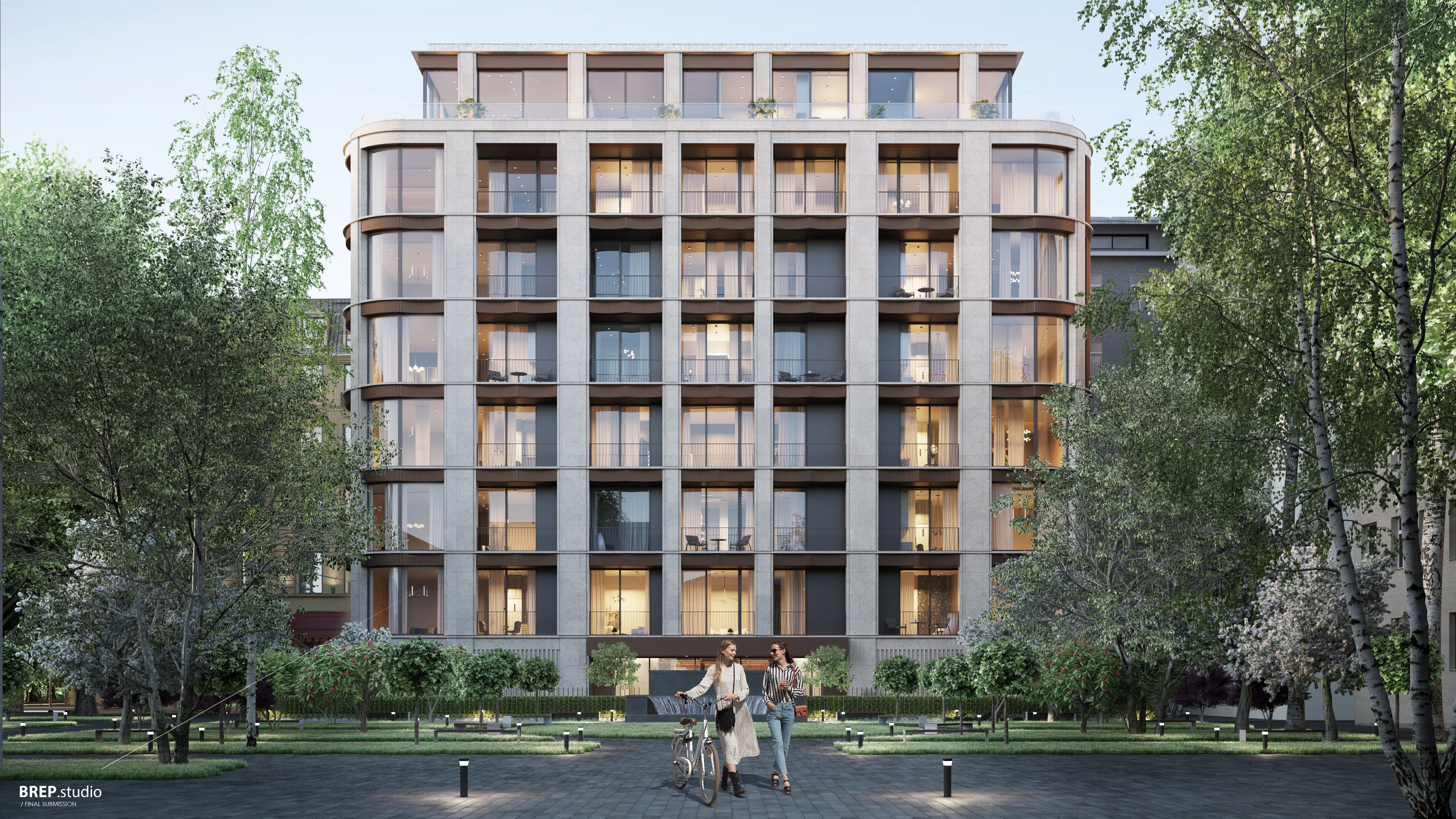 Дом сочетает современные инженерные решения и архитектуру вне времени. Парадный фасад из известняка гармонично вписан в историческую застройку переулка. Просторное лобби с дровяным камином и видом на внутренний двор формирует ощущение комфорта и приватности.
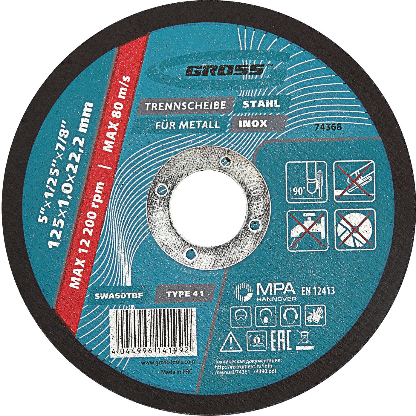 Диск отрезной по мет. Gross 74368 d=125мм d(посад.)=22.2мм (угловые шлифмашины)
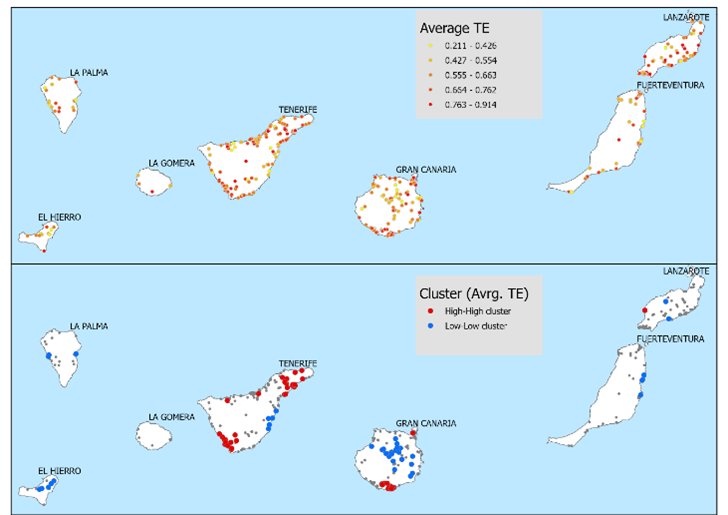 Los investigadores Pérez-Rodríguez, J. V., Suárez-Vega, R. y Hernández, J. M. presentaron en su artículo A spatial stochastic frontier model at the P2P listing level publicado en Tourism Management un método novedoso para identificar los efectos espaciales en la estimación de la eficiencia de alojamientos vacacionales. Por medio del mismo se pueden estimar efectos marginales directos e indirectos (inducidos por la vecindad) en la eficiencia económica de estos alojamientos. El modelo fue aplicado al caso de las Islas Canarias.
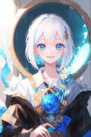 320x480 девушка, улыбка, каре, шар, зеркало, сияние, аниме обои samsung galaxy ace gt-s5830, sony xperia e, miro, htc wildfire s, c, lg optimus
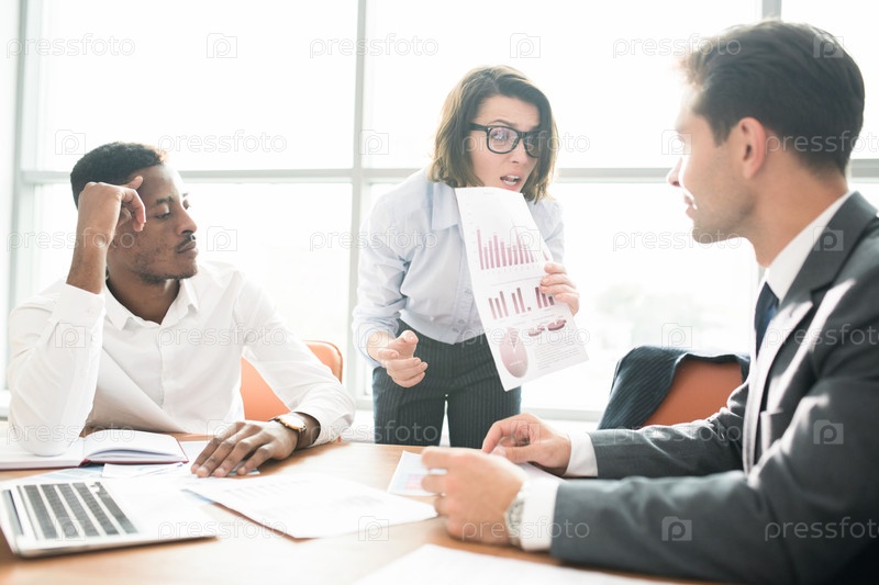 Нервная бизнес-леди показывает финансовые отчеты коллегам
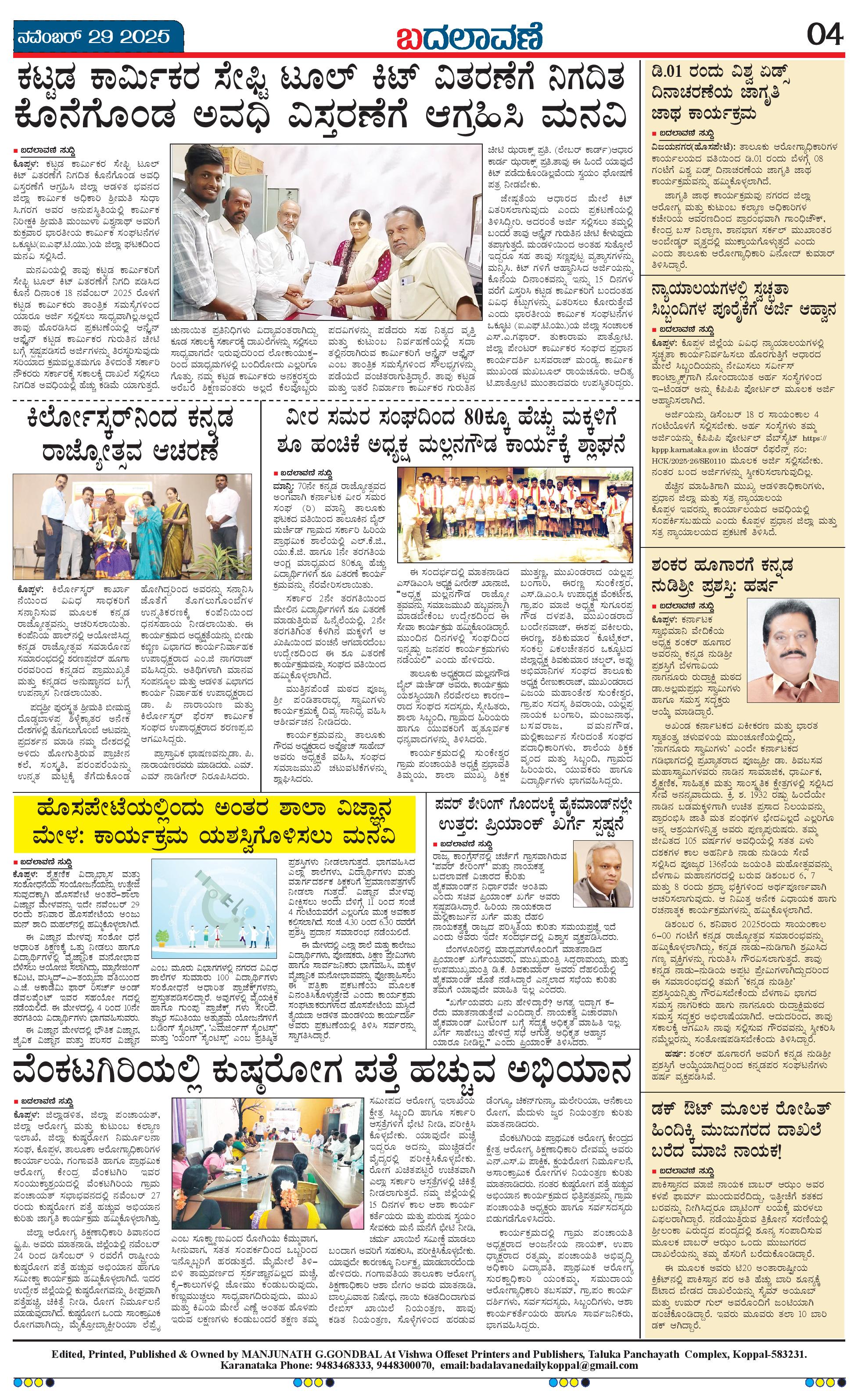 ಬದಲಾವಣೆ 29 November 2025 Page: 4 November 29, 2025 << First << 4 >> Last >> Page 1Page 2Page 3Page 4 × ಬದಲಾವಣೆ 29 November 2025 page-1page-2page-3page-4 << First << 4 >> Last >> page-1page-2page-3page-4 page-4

########

The answer must be an exact copy of the lines from the start of the records above through the line containing "Los investigadores Pérez-Rodríguez, J.", with no pictures in it.

 Дом сочетает современные инженерные решения и архитектуру вне времени. Парадный фасад из известняка гармонично вписан в историческую застройку переулка. Просторное лобби с дровяным камином и видом на внутренний двор формирует ощущение комфорта и приватности.
 Диск отрезной по мет. Gross 74368 d=125мм d(посад.)=22.2мм (угловые шлифмашины)
 Los investigadores Pérez-Rodríguez, J. V., Suárez-Vega, R. y Hernández, J. M. presentaron en su artículo A spatial stochastic frontier model at the P2P listing level publicado en Tourism Management un método novedoso para identificar los efectos espaciales en la estimación de la eficiencia de alojamientos vacacionales. Por medio del mismo se pueden estimar efectos marginales directos e indirectos (inducidos por la vecindad) en la eficiencia económica de estos alojamientos. El modelo fue aplicado al caso de las Islas Canarias.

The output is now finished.